Quote Originally Posted by Mark75H View Post
Merc used 3 + 3 exhaust tuning on the inline 6's starting with the first gearshift motors. Generally the firing order was alternating pairs for balance with odd/even exhaust coupling (1, 3 & 5 in one group and 2, 4 & 6 in the other). The disadvantage was length between these 3 cylinder exhaust groups favored power in the 5,000 rpm range rather than the 8,000 rpm range.

Its not that it wasn't there, it just wasn't there for super top end.

On the T-2 and T-2x race motors they welded 2 3cylinder 49ci cranks together to get 3 + 3 exhaust tuning with close spacing, 1, 2, 3 in one group and 4, 5, 6 in the other exhaust group. Again there was a problem with length ... the original T-2 set up put them TOO close for 7,000-8,000 rpm. Like these OMC side exhausts ... the T-2X used an extended exhaust chest to drop the tuning into the 7,000-8,000 rpm range and get almost 20 hp over the T-2.
As Sam points out, Mercury did use 3+3 for inline sixes, a vast improvement over the 2X3 exhaust tuning; in fact they actually patented the concept. It improved power, but was not as effective as late model triples as the cylinders were too widely spaced - every other cylinder was used - inteconnect distance was still too far apart.

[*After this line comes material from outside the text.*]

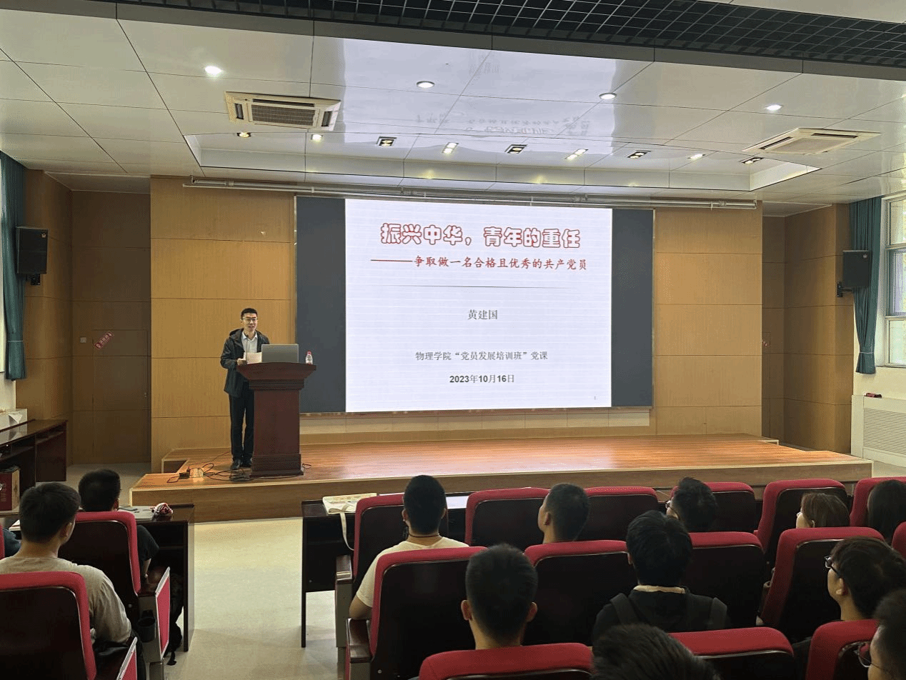 党课伊始,宋坤代表学院感谢黄建国教授为广大学员进行授课,并简要介绍了黄建国教授的基本情况,同时,希望学员们提高思想认识,遵守课堂纪律,认真听讲、做好记录,以此为契机,加深理解物理基础学科与航海、国防之间的联系,为振兴中华贡献青年力量。

Sam's continues his explantion for the T2 series Mercs which correctly indicates that closer interconnects make another huge improvement. So close interconnects are the ticket for power delivery from close spaced triples (and multiples thereof).

The question stands: Why the power difference between right and left exhaust porting as seen in the OMC FR19S -vs- FR31M, or the opposite banks in any late model V6?.